═════ Supplied entries

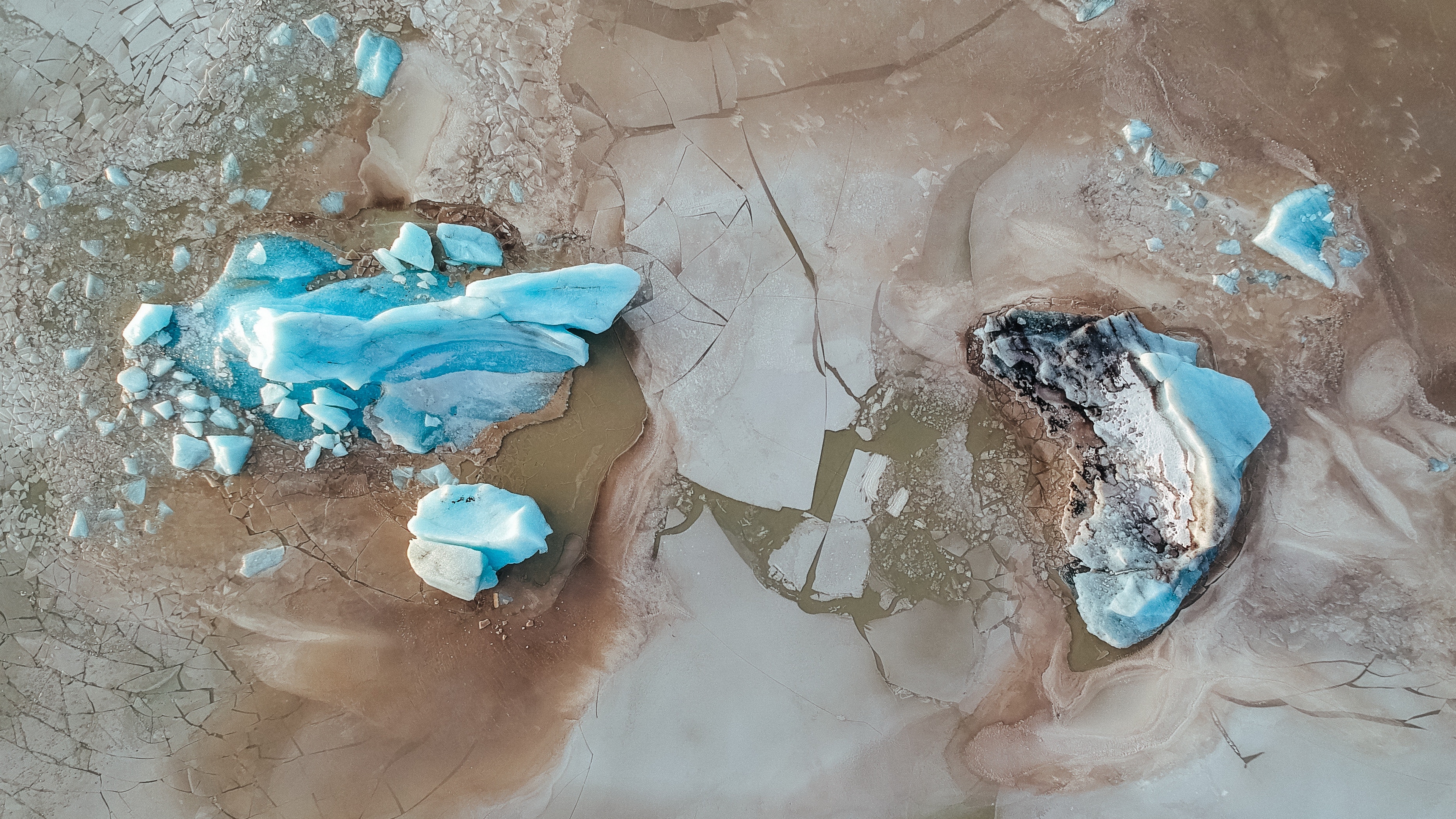 Description: A couple of ice chunks sitting on top of a river next to a river bed of water with ice chunks on it.
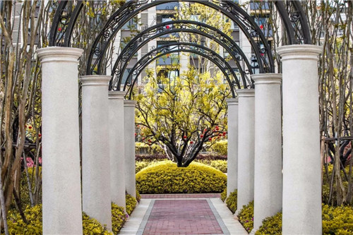 從入口處的小廣場拾級而上進入園區(qū)內(nèi)的軸線景觀,植物設計意在打造一個富有變化的景觀空間。立體園林勝景,時令植物搭配,創(chuàng)造四季常青的現(xiàn)代生活情景景觀。
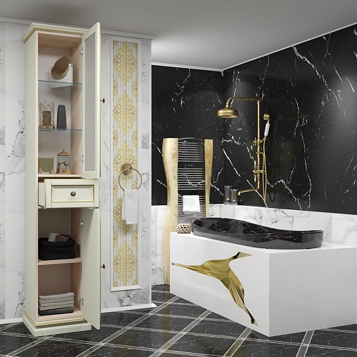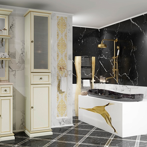 Opadiris Шкаф-пенал для ванной Корсо-оро №11 R слоновая кость с золотой патиной
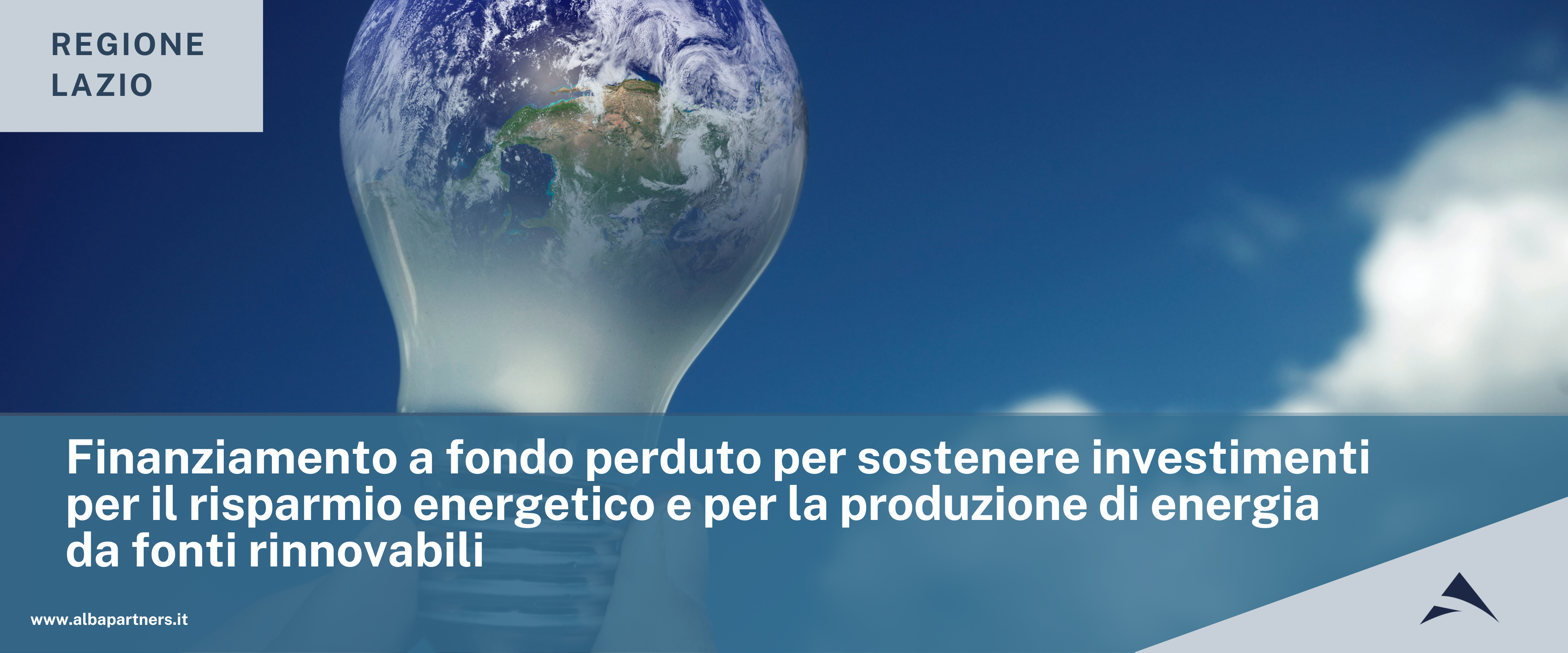 La Regione Lazio con questo Bando sostiene la realizzazione da parte delle imprese del Lazio di investimenti per il risparmio energetico e per la produzione di energia da fonti rinnovabili.
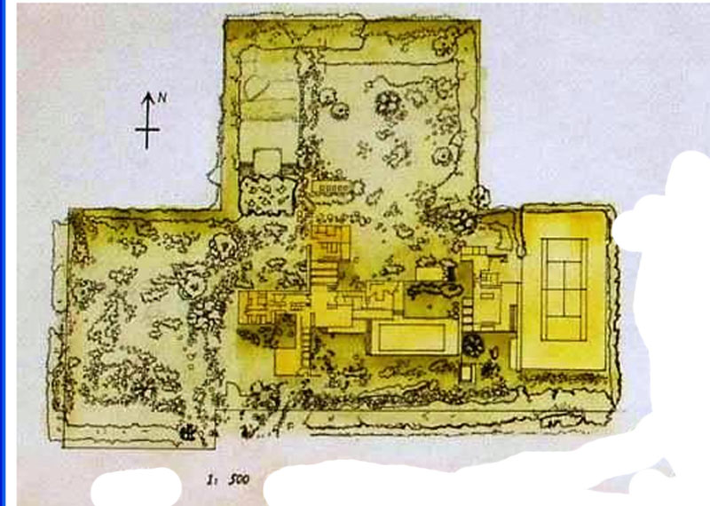 El jardín penetra casi inadvertidamente, con suaves oscilaciones, en toda la casa, dispuesta en ángulo recto aunque pese a la suavidad de sus formas aún hoy los vientos del noreste de Palm Spring son implacables y a pesar de las mejoras, de las persianas y de las paredes sólidas, arrastran hasta el interior de la casa todo lo que encuentran.
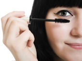 piękna młoda kobieta stosowania makijażu pędzelkiem
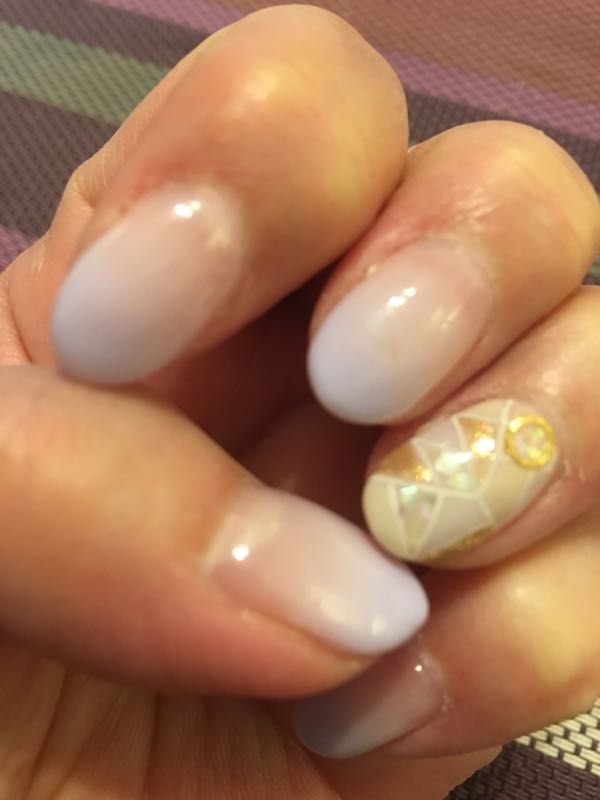 続けて3月のネイル載せる筈が又忘れる所でした 写真では わかりにくいですが薄紫に近い色です 最初は3月のデザインから選んでピンクにしていたのですが ネイリストさんのデザインが気になって見せて貰いました するとこれは4月用のデザインという事で、4月は来れないかもって事でやって貰いました 薬指の金の輪っかはデザインには無かったのですが、ネイリストさんがやっていたので私もして貰いました 薬指だけ 金色を乗せ シェルを乗せと派手になってます
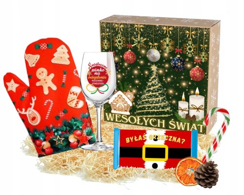 Szklany kieliszek na wino z dopasowanym świątecznym nadrukiem 'Świąteczne winko na ocieplenie rodzinnej atmosfery' Kieliszek zapakowany w ozdobny kartonik, gotowy do wręczenia na prezent!
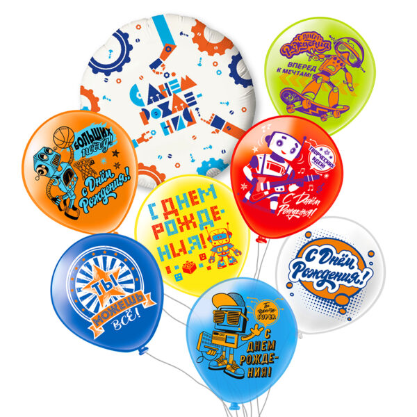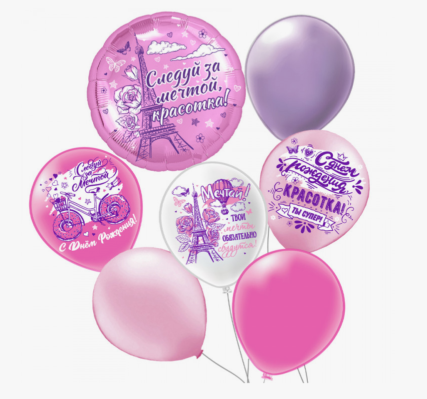 Набор шаров 8шт Букет СДР! Цветочки (1фольга+7латекс/рис)
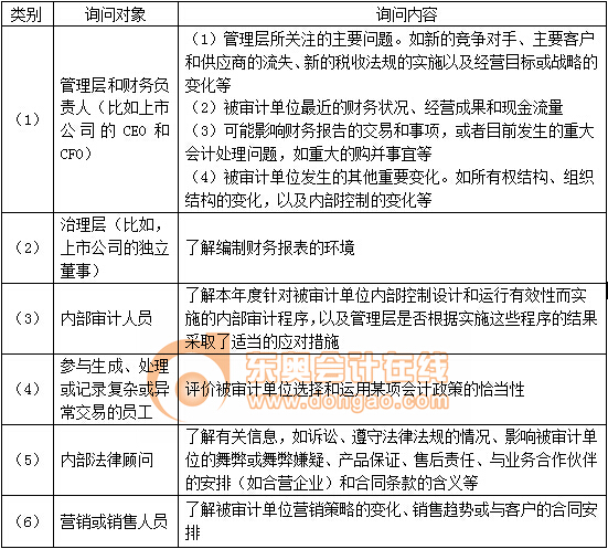 詢問管理層和被審計單位內(nèi)部其他人員是注冊會計師了解被審計單位及其環(huán)境的一個重要信息來源。
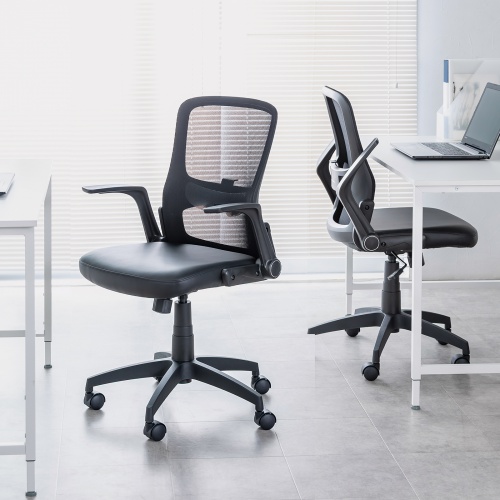 肘掛けは跳ね上げられるので、作業時は腕をしっかりサポート、使わない時はすっきり収納。シーンに合わせて快適に使い分けできます。デスク下に収めたい時や横から座りたい時に肘掛けを収納でき、切り替えることで省スペースと快適さを両立できます。
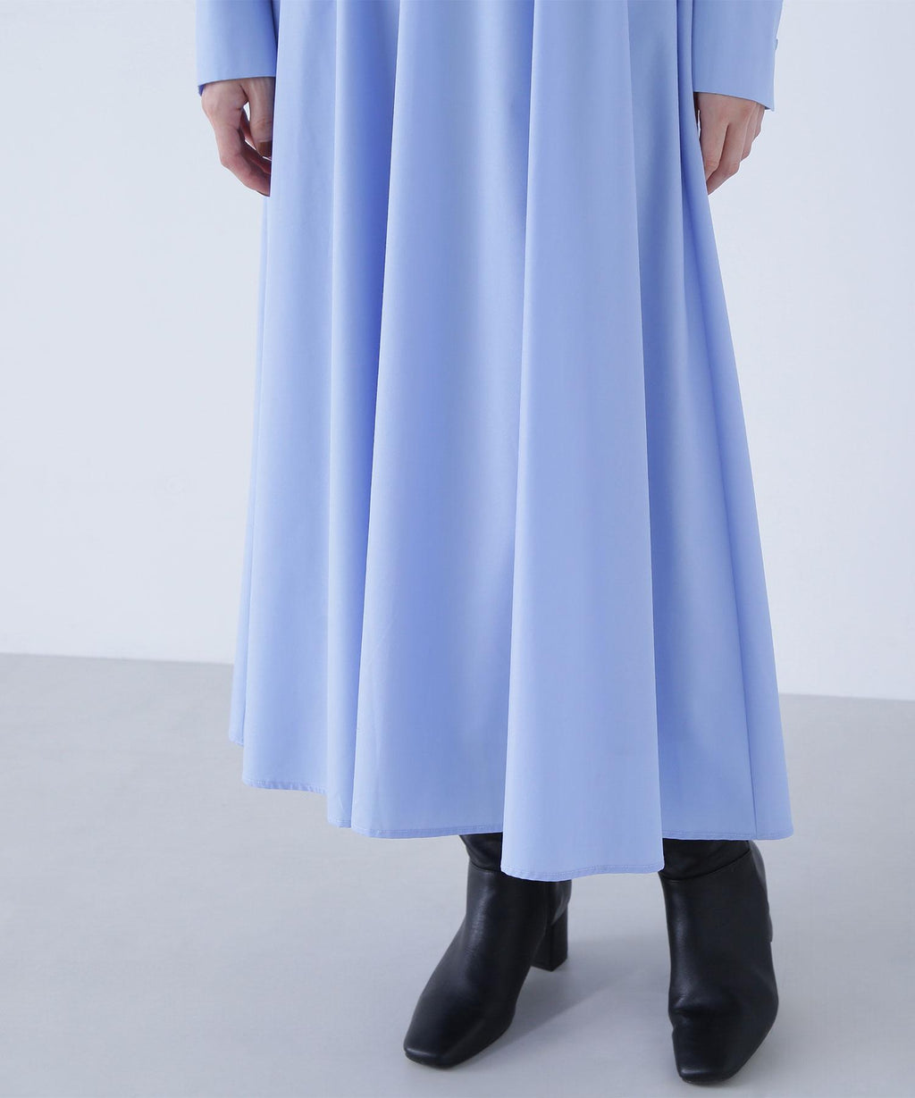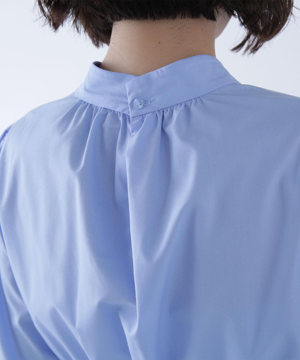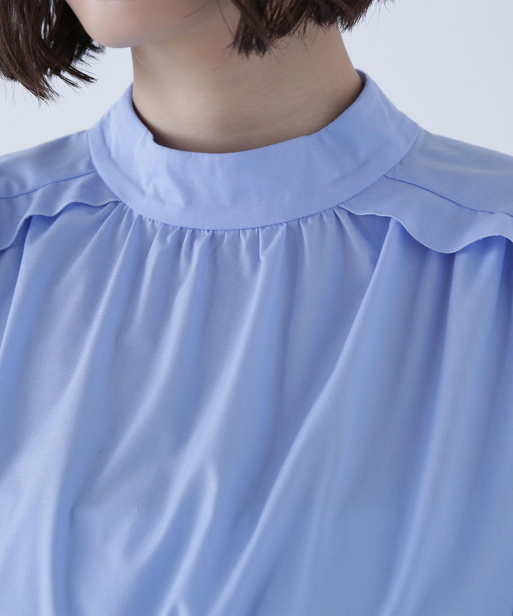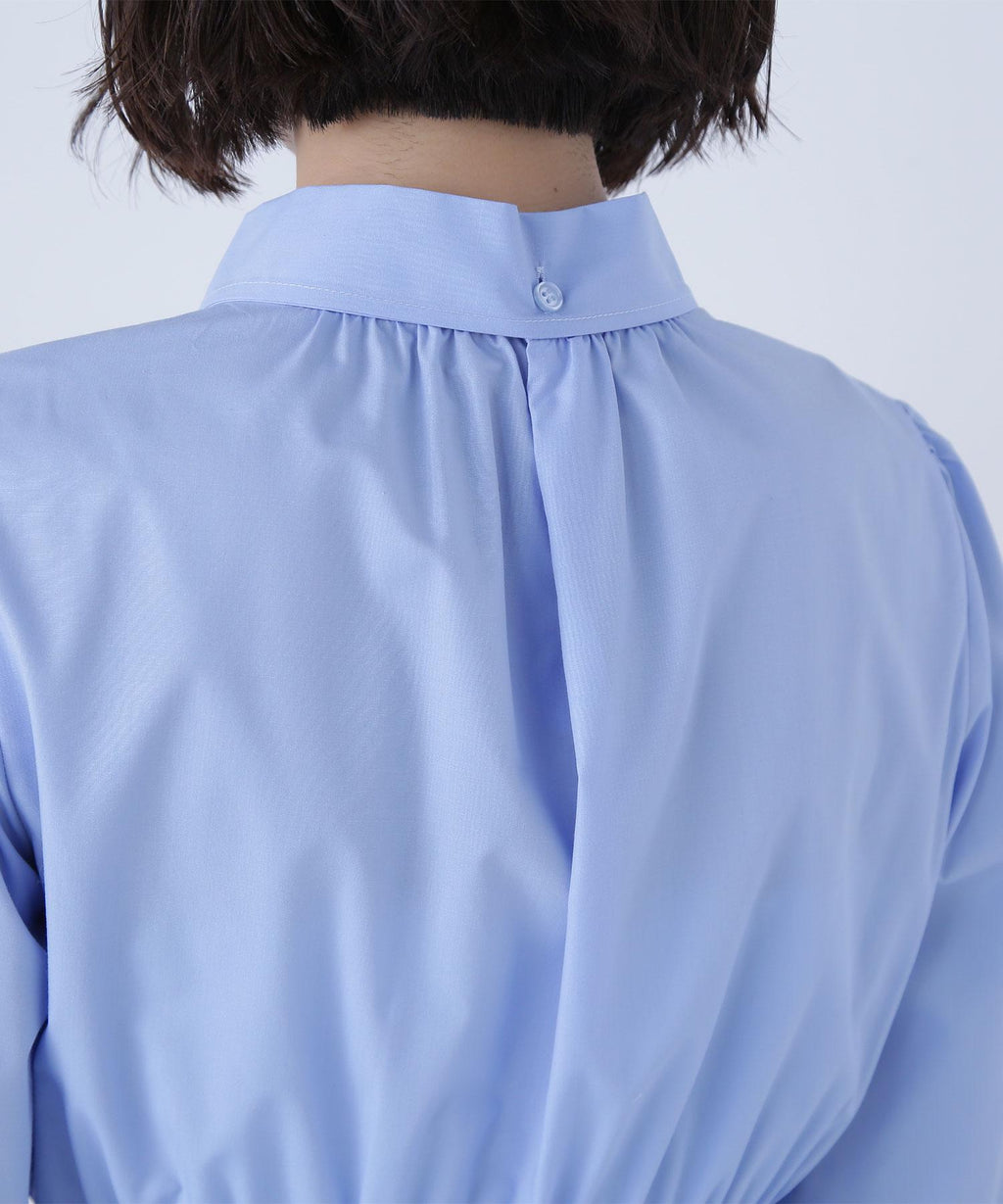 可拆卸的蝴蝶結帶的兩用連衣裙。將同材質的帶子穿過後頸的環扣,可以變成蝴蝶結帶,也可以不系帶子,穿成簡潔的立領款式。褶邊細節的荷葉邊也是亮點。腰圍採用鬆緊橡膠設計,穿著舒適無壓力。
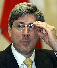 Feith’s former boss, Deputy Defense Secretary Paul Wolfowitz, has also not been heard from recently, which in many ways is very strange, given that his last public post was president of the World Bank and his official at AEI (where he has been a Visiting Scholar since his ignominious resignation 18 months ago) stresses his interest in development and trade. You would think that, given the current financial crisis and its potentially disastrous ripple effects on emerging economies and poor countries (for which he has expressed particular sympathy in the past), he would not have been shy about offering his advice about how to protect them. But, apart from his advocacy of business and defense ties with Taiwan (he’s chairman of the U.S.-Taiwan Business Council), he seems to have largely disappeared from the public sphere. In the realm of economic development and aid, Hudson has acquired a far more credible figure in the person of former USAID Administrator Andrew Natsios, who joined the Institute at the same time as Feith.
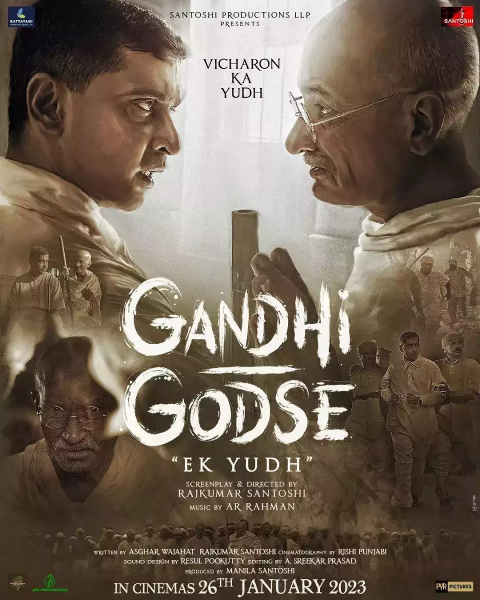 मशहूर फिल्म निर्देशक राजकुमार संतोषी की गांधी-गोडसे एक युद्ध का मोशन पोस्टर रिलीज हो गया है। गांधी-गोडसे एक युद्ध 9 साल के अंतराल के बाद राजकुमार संतोषी की निर्देशन में वापसी है।निर्देशक, जिन्हें भारतीय सिनेमा में अग्रणी फिल्मों के योगदान के लिए जाना जाता है, महात्मा गांधी और नाथूराम गोडसे के विचारों पर आधारित एक फिल्म पेश करने के लिए तैयार हैं। 26 जनवरी 2023 को फिल्म बड़े परदे पर रिलीà

══════════

§ **Problem statement**: Every line of the records above should be copied exactly, while the pictures are left behind.

§ **Task result**:
 Description: A couple of ice chunks sitting on top of a river next to a river bed of water with ice chunks on it.
 從入口處的小廣場拾級而上進入園區(qū)內(nèi)的軸線景觀,植物設計意在打造一個富有變化的景觀空間。立體園林勝景,時令植物搭配,創(chuàng)造四季常青的現(xiàn)代生活情景景觀。
 Opadiris Шкаф-пенал для ванной Корсо-оро №11 R слоновая кость с золотой патиной
 La Regione Lazio con questo Bando sostiene la realizzazione da parte delle imprese del Lazio di investimenti per il risparmio energetico e per la produzione di energia da fonti rinnovabili.
 El jardín penetra casi inadvertidamente, con suaves oscilaciones, en toda la casa, dispuesta en ángulo recto aunque pese a la suavidad de sus formas aún hoy los vientos del noreste de Palm Spring son implacables y a pesar de las mejoras, de las persianas y de las paredes sólidas, arrastran hasta el interior de la casa todo lo que encuentran.
 piękna młoda kobieta stosowania makijażu pędzelkiem
 続けて3月のネイル載せる筈が又忘れる所でした 写真では わかりにくいですが薄紫に近い色です 最初は3月のデザインから選んでピンクにしていたのですが ネイリストさんのデザインが気になって見せて貰いました するとこれは4月用のデザインという事で、4月は来れないかもって事でやって貰いました 薬指の金の輪っかはデザインには無かったのですが、ネイリストさんがやっていたので私もして貰いました 薬指だけ 金色を乗せ シェルを乗せと派手になってます
 Szklany kieliszek na wino z dopasowanym świątecznym nadrukiem 'Świąteczne winko na ocieplenie rodzinnej atmosfery' Kieliszek zapakowany w ozdobny kartonik, gotowy do wręczenia na prezent!
 Набор шаров 8шт Букет СДР! Цветочки (1фольга+7латекс/рис)
 詢問管理層和被審計單位內(nèi)部其他人員是注冊會計師了解被審計單位及其環(huán)境的一個重要信息來源。
 肘掛けは跳ね上げられるので、作業時は腕をしっかりサポート、使わない時はすっきり収納。シーンに合わせて快適に使い分けできます。デスク下に収めたい時や横から座りたい時に肘掛けを収納でき、切り替えることで省スペースと快適さを両立できます。
 可拆卸的蝴蝶結帶的兩用連衣裙。將同材質的帶子穿過後頸的環扣,可以變成蝴蝶結帶,也可以不系帶子,穿成簡潔的立領款式。褶邊細節的荷葉邊也是亮點。腰圍採用鬆緊橡膠設計,穿著舒適無壓力。
 Feith’s former boss, Deputy Defense Secretary Paul Wolfowitz, has also not been heard from recently, which in many ways is very strange, given that his last public post was president of the World Bank and his official at AEI (where he has been a Visiting Scholar since his ignominious resignation 18 months ago) stresses his interest in development and trade. You would think that, given the current financial crisis and its potentially disastrous ripple effects on emerging economies and poor countries (for which he has expressed particular sympathy in the past), he would not have been shy about offering his advice about how to protect them. But, apart from his advocacy of business and defense ties with Taiwan (he’s chairman of the U.S.-Taiwan Business Council), he seems to have largely disappeared from the public sphere. In the realm of economic development and aid, Hudson has acquired a far more credible figure in the person of former USAID Administrator Andrew Natsios, who joined the Institute at the same time as Feith.
 मशहूर फिल्म निर्देशक राजकुमार संतोषी की गांधी-गोडसे एक युद्ध का मोशन पोस्टर रिलीज हो गया है। गांधी-गोडसे एक युद्ध 9 साल के अंतराल के बाद राजकुमार संतोषी की निर्देशन में वापसी है।निर्देशक, जिन्हें भारतीय सिनेमा में अग्रणी फिल्मों के योगदान के लिए जाना जाता है, महात्मा गांधी और नाथूराम गोडसे के विचारों पर आधारित एक फिल्म पेश करने के लिए तैयार हैं। 26 जनवरी 2023 को फिल्म बड़े परदे पर रिलीà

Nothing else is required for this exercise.